***** Input data *****

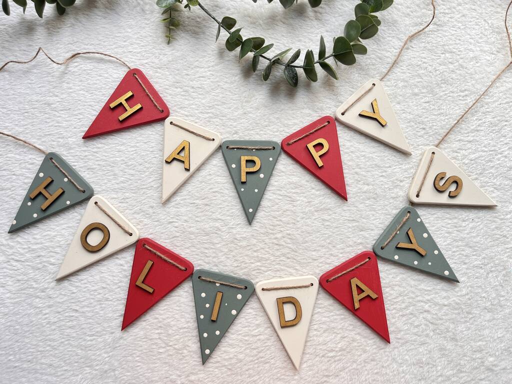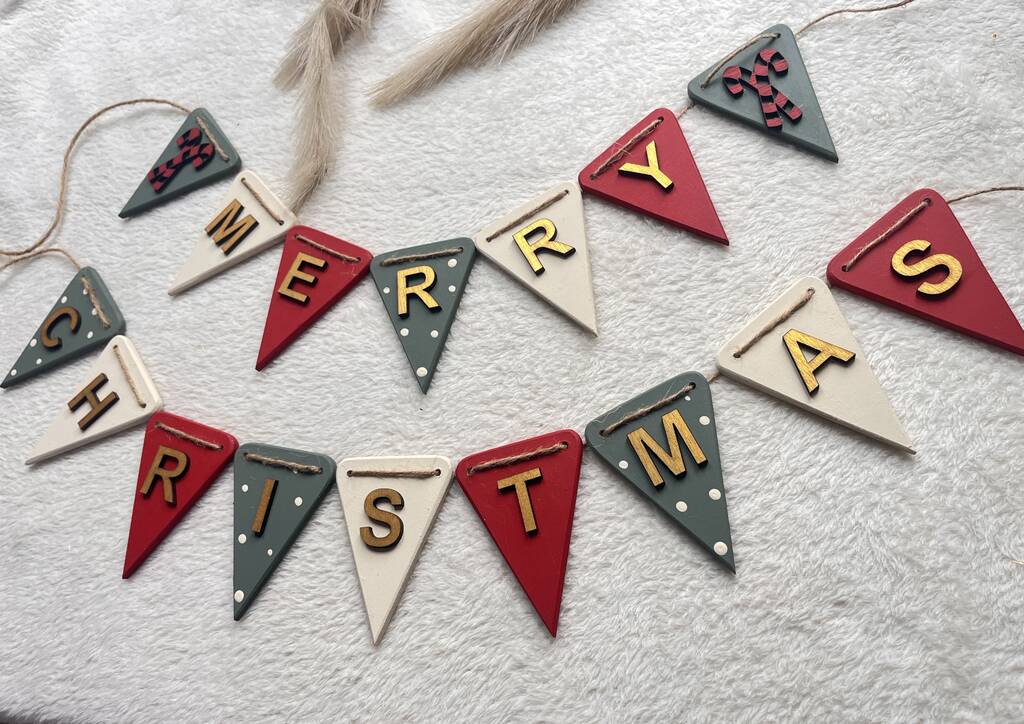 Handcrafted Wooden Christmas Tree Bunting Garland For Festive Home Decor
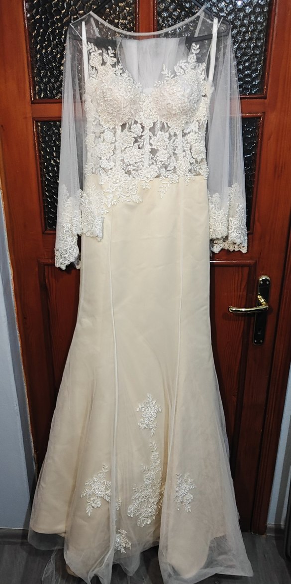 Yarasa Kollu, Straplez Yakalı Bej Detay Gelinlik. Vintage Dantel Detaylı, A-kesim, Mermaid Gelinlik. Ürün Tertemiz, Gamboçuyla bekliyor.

*****
***** Input data *****

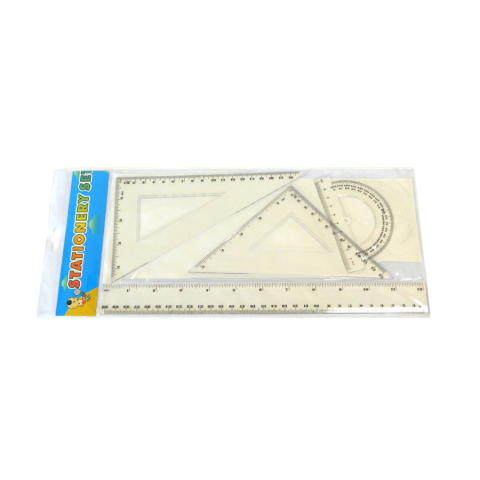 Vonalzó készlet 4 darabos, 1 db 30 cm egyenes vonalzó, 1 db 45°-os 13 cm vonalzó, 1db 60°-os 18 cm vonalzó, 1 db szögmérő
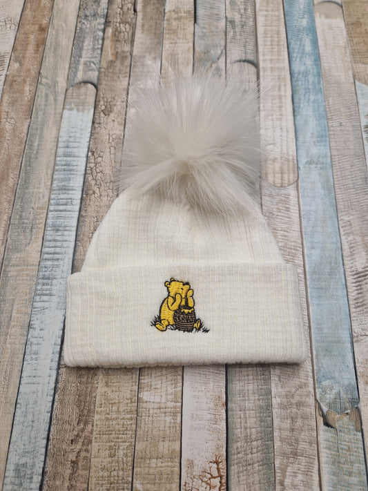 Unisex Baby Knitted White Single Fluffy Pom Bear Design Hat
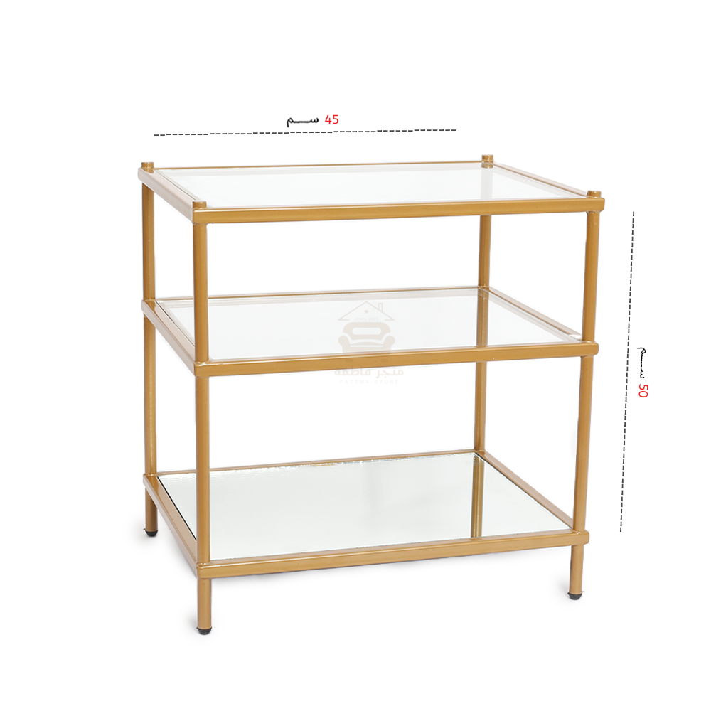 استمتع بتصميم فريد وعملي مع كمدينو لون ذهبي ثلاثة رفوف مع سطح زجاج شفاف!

*****

■ **What the task requires**
Above are some entries; copy exactly the lines from the line with "Handcrafted Wooden Christmas" through the line with "Yarasa Kollu, Straplez", both included, but none of the pictures.

■ **Answer to the exercise**
 Handcrafted Wooden Christmas Tree Bunting Garland For Festive Home Decor
 Yarasa Kollu, Straplez Yakalı Bej Detay Gelinlik. Vintage Dantel Detaylı, A-kesim, Mermaid Gelinlik. Ürün Tertemiz, Gamboçuyla bekliyor.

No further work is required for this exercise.